It was the fact that, in the past quarter, Vanguard had taken on more new clients than Hargreaves Lansdown. 

For financial advisers I think that is highly significant.

I like Vanguard, it’s cheap and cheerful. If you’re a new investor it is very easy to understand. With the market environment that has persisted for the past 14 years (even including the Covid dip) it has looked remarkably easy to make money by tracking a share index – even the FTSE. 

Hargreaves is a different kettle of fish. It’s for more high-net-worth savers, has more sophisticated options and is far more expensive. It’s John Lewis, but with 10 times better profit margins.

Now let’s think about the average person, and for this I use myself, because I think my investing journey is not untypical.

When I was twenties and first started investing I just wanted something simple: a low-cost platform that allowed me to make regular smallish contributions. I certainly didn’t need, nor could afford a financial adviser, not least because my affairs and my needs were simple.

There was no Nutmeg or Vanguard in those days, so I ended up in a very straightforward Isa and overpaying in to my pension. Had those platforms been around I would have likely used them. 

By my thirties things were getting more complicated, but I was more interested in money (not least because I actually started to have some) and in where I invested. So I moved to an investment platform, opened a self-invested personal pension and a stocks and shares Isa and started to choose funds. I made some mistakes, I got some things right.

Now I’m in my mid-forties, on a good wage, with a family and a large mortgage. Do I need a financial adviser now? Yes, probably one could help. But it seems like a large expense given how few actually investable assets I have in context – remember, I just bought a big house.

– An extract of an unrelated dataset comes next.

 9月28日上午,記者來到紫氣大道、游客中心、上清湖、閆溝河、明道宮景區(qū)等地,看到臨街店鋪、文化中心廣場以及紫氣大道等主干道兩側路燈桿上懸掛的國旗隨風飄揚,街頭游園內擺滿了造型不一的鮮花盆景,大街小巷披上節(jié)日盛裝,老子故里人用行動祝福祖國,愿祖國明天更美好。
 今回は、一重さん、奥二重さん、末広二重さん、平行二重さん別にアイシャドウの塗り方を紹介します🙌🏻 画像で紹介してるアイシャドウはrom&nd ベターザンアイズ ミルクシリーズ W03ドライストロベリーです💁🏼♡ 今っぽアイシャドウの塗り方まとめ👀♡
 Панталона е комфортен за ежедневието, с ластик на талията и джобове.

Anyway, why would I move given that all my investments are already in one place and, having learned from my earlier mistakes, I am now a much more confident investor? 

So what now happens when I get to 55? Having looked after my investments all those years? I’m probably not going to want financial advice then either – certainly that is the reaction from many Times readers who are in this position.

The question is: with so many younger people now going it alone from an early age on platforms such as Vanguard, how can financial advisers ever win these customers?

Retention rates at most advice companies are in the high 90 per cents. The biggest source of customer loss is death.

Some of these businesses will be good, some bad, but the fact hardly anyone bothers to leave is a reflection of how difficult it is persuade an investor to move from one platform or advice business to another.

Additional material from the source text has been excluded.